As for the plot, Tomasi installs one of perquisites of the reboot: the continuity implant. Bruce and Damian are menaced by Morgan Ducard, a.k.a. Nobody. Morgan is the son of bloodthirsty manhunter Henry Ducard, one of the men who trained Bruce to be Batman. Morgan’s got his own daddy issues, a grudge against Bruce, and a similar mission to Batman’s. Morgan is a vigilante as well, but he kills the criminals he captures, and he derides Batman for being soft on crime by merely imprisoning the punks. So Morgan goes about killing small-time criminals, trying to convince Damian to become his student, and attempting to kill Bruce. This is … so, so dull, especially spread over eight issues. Morgan knows Bruce is Batman, but he doesn’t do anything clever with this knowledge; he goes for the gloating kill after capturing Bruce, then he tries for a garden-variety seduction-by-darkness of Damian.

Tamosi’s dialogue is sometimes tin-eared, especially in battle scenes; when, for instance, Batman and Robin burst in on gunmen, one says, “What the hell?!,” and Batman responds, “Yes, that’s exactly where you are tonight!” That’s awful. Or sometimes the dialogue just feels wrong for the characters: when Nobody is about to kill a human trafficker in a vat of acid, Damian complains Nobody is “dunking him in acid!” (I don’t think the “dunking” is the sticking point.) But Tomasi does get a few moments right, most of them involving Alfred and his parenting suggestions. But Born to Kill doesn’t collect eight issues of Alfred & Robin or Butlering Comics, so that’s cold comfort.

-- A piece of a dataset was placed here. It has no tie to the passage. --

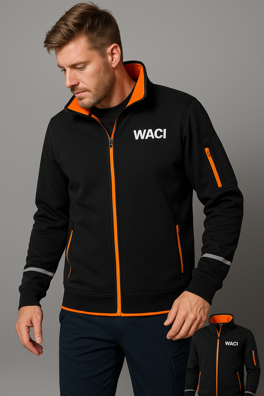 Giubbotto da lavoro in contrasto nero-arancione, con strisce riflettenti, logo vistoso, pratico e durevole, adatto a ogni contesto lavorativo.

Tomasi also missed on a few names. He uses Henri Ducard — the alias Ra’s al Ghul uses in the movie Batman Begins — for Morgan’s father and Bruce’s former mentor. 66 Is this to suggest Ducard is Ra’s or draw a parallel between them? Probably not, but that’s what I thought of. Morgan’s nom du revanche, Nobody, is clever if you’re Odysseus or an imaginary friend; otherwise, it’s a mistake, as Morgan has a strong sense of self and leaves an unignorable trail of dead and missing in his wake. And as for the Great Dane Bruce buys for Damian — OK, I can see avoiding Ace (the Bat Hound) as being too obvious. But if you’re going to name a Great Dane after a Shakespearean character, I can think of one involved with a bloodbath and having parental issues that fits. Or, if “Hamlet” is too on the nose, why not “Horatio,” which makes a great name for a sounding board? Either is better than “Titus,” which Damian ultimately chooses.

Other than my previous complaints about Gleason, I have few objections to his art. I liked his design of the Russian Batman, even though he is only briefly in the book. Nobody’s design, though, is a generic mishmash: insectoid (apparent multiple eyes) and black, with glove blasters. Perhaps that fits a character “Nobody” better than a truly distinctive design. Gleason’s action scenes are chaotic without devolving into incoherence; although there are some confusing bits, I never lost the thread of the narrative.

Still Gleason’s art isn’t enough to pull Kill past “acceptable.” Is there anything wrong with Kill? No, not in the long run. I’m a little confused why DC started the reboot in this title with such weak fare, and I’m downright bewildered by the positive blurbs on the cover. It’s a slow story and not a very interesting one.